Back

Local NVIDIA AI Acceleration

Using NVIDIA GPUs should be simple. We make it easy, from local development to production autoscaling in the cloud.

For local work, we use Kind to run Kubernetes in Docker. This gives you a real production environment on your machine. We handle the hard parts of connecting Kubernetes to your GPU. You build. We make the hardware work.

TLDR

If you have nvidia hardware and have installed the NVIDIA Container Toolkit, then Batteries Included will automatically detect and use your GPU. Install the cli and start a local cluster with one command.

bash -c "$(curl -fsSL https://home.batteriesincl.com/api/v1/scripts/start_local)"

If you don’t have NVIDIA container toolkit installed, follow these steps:

bash -c "$(curl -fsSL https://home.batteriesincl.com/api/v1/scripts/install_bi)
sudo bash -c "$(~/.local/bin/bi gpu setup-command)"
~/.local/bin/bi start-local

Prerequisites

  • An NVIDIA GPU.
  • NVIDIA drivers installed.
  • Docker installed.

Install BI CLI

There are several ways to install the BI CLI, depending on your preferences. Below we list them in order of convenience.

Automatically

bash -c "$(curl -fsSL https://home.batteriesincl.com/api/v1/scripts/install_bi)"

Manually

  • Download the install script curl -fsSL https://home.batteriesincl.com/api/v1/scripts/install_bi -o install_bi
  • Validate the script contents and make sure it’s safe for you to run
  • Run the install script: chmod +x install_bi && bash install_bi
  • Verify ls -al ~/.local/bin

By Hand

You don’t like curl and bash being in the same breath, and that’s ok. I’ll hold your hand.

  • Go to Batteries Included’s Releases Page on GitHub here.
  • Find the checksums.txt file and the archive for your platform and operating system.
  • Check the sha256 checksum.
  • Unpack the archive into ~/.local/share/.
  • Create a symlink to the newly downloaded binary in ~/.local/bin.
  • Add ~/.local/bin to your PATH if it’s not already there.

Setup NVIDIA Container Toolkit

Next we need to configure the NVIDIA Container Toolkit. To do that Batteries Included provides a setup command.

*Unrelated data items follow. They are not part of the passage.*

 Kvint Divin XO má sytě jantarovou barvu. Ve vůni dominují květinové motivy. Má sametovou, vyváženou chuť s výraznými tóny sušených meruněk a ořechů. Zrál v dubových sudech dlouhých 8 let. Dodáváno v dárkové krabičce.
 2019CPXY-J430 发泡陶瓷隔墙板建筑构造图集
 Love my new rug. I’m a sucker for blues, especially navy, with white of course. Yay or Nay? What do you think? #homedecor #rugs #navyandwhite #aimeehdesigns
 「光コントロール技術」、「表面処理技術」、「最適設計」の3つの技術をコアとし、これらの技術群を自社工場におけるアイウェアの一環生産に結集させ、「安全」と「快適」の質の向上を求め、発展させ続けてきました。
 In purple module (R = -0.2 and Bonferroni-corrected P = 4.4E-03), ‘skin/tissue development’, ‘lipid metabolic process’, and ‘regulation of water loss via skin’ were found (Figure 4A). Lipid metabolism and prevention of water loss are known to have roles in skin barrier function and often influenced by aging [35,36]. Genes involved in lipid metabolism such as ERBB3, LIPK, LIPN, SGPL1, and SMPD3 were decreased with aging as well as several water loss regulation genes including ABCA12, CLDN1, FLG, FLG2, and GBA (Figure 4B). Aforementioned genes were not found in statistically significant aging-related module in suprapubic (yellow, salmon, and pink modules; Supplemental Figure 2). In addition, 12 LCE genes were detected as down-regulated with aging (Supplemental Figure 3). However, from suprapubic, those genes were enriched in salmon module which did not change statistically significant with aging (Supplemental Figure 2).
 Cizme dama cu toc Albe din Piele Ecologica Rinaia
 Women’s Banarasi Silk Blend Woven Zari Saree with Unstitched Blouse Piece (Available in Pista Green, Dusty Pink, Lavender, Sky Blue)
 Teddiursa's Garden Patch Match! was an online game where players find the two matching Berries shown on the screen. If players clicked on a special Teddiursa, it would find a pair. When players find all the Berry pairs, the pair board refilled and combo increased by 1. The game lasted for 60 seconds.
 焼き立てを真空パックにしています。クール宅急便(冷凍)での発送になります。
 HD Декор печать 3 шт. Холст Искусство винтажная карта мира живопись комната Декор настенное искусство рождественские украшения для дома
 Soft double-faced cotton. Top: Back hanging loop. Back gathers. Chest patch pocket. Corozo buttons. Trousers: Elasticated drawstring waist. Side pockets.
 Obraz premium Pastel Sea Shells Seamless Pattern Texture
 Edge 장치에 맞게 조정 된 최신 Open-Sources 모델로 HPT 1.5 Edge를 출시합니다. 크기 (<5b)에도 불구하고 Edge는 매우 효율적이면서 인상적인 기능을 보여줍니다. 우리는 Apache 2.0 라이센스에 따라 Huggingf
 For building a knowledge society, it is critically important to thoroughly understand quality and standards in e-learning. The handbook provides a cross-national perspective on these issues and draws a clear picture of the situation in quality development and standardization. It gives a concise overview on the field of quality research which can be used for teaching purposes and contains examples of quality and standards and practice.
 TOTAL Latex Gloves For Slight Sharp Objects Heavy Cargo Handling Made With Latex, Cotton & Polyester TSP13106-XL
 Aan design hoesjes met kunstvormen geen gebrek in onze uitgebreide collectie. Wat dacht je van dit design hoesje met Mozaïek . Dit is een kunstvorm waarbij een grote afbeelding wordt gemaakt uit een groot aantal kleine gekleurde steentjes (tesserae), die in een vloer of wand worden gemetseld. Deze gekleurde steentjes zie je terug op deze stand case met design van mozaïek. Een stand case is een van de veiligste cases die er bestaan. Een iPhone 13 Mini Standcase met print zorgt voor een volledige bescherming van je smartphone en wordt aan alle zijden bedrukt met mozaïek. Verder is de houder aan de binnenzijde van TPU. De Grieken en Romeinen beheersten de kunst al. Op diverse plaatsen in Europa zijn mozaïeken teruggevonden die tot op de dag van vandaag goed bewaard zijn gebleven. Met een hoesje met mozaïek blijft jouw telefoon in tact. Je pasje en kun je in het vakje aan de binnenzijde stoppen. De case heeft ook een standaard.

Run it:

sudo bash -c "$(~/.local/bin/bi gpu setup-command)"

Verify (Optional)

Now if you want to verify your installation, and see the results simply run:

~/.local/bin/bi gpu validate-nvidia-ctk

This validates:

  • NVIDIA GPU detection
  • Container toolkit installation
  • Docker daemon configuration
  • GPU access from containers

The validation should pass with green checkmarks.

Start Batteries Included

Finally all that is left to do is start the local cluster with NVIDIA support.

~/.local/bin/bi start-local

Use the GPU

Now by default the Batteries Included platform will configure our batteries for GPU usage. We have some example projects that you can explore. Simply create a new project and select import from snapshot to try some of our example AI projects.

If instead you would prefer to build yourself, two great places to start are:

Ollama

  1. Go to AIOllama.
  2. Create an instance. Select “Any NVIDIA GPU”.
  3. Deploy models. They will use the GPU.

Jupyter

  1. Go to AIJupyter Notebooks.
  2. Create a notebook. Select “Any NVIDIA GPU”.
  3. Your code can now access CUDA.

How It Works

The start-local command automates everything:

  1. Installs bi to ~/.local/share and links to ~/.local/bin.
  2. Finds NVIDIA GPUs. Validates your setup.
  3. Creates a Kind cluster.
  4. Configures each node to expose the GPU to Kubernetes.
  5. Installs the NVIDIA Device Plugin and Node Feature Discovery.
  6. Configures Ollama and Jupyter for GPU scheduling.

Troubleshooting

Validate

Check your setup.

bi debug validate-nvidia-ctk

This checks GPU detection, toolkit, Docker, and runtime configuration.

Common Issues

  • No GPUs found: Does nvidia-smi work? Check your driver install and make sure that everything boots cleanly with dmesg | grep -i nvidia.
  • Docker errors: Did the configuration get changed correctly?
  • Kind errors: Is your machine overloaded or under heavy load?

Next

You have local AI. With enterprise power. And full control.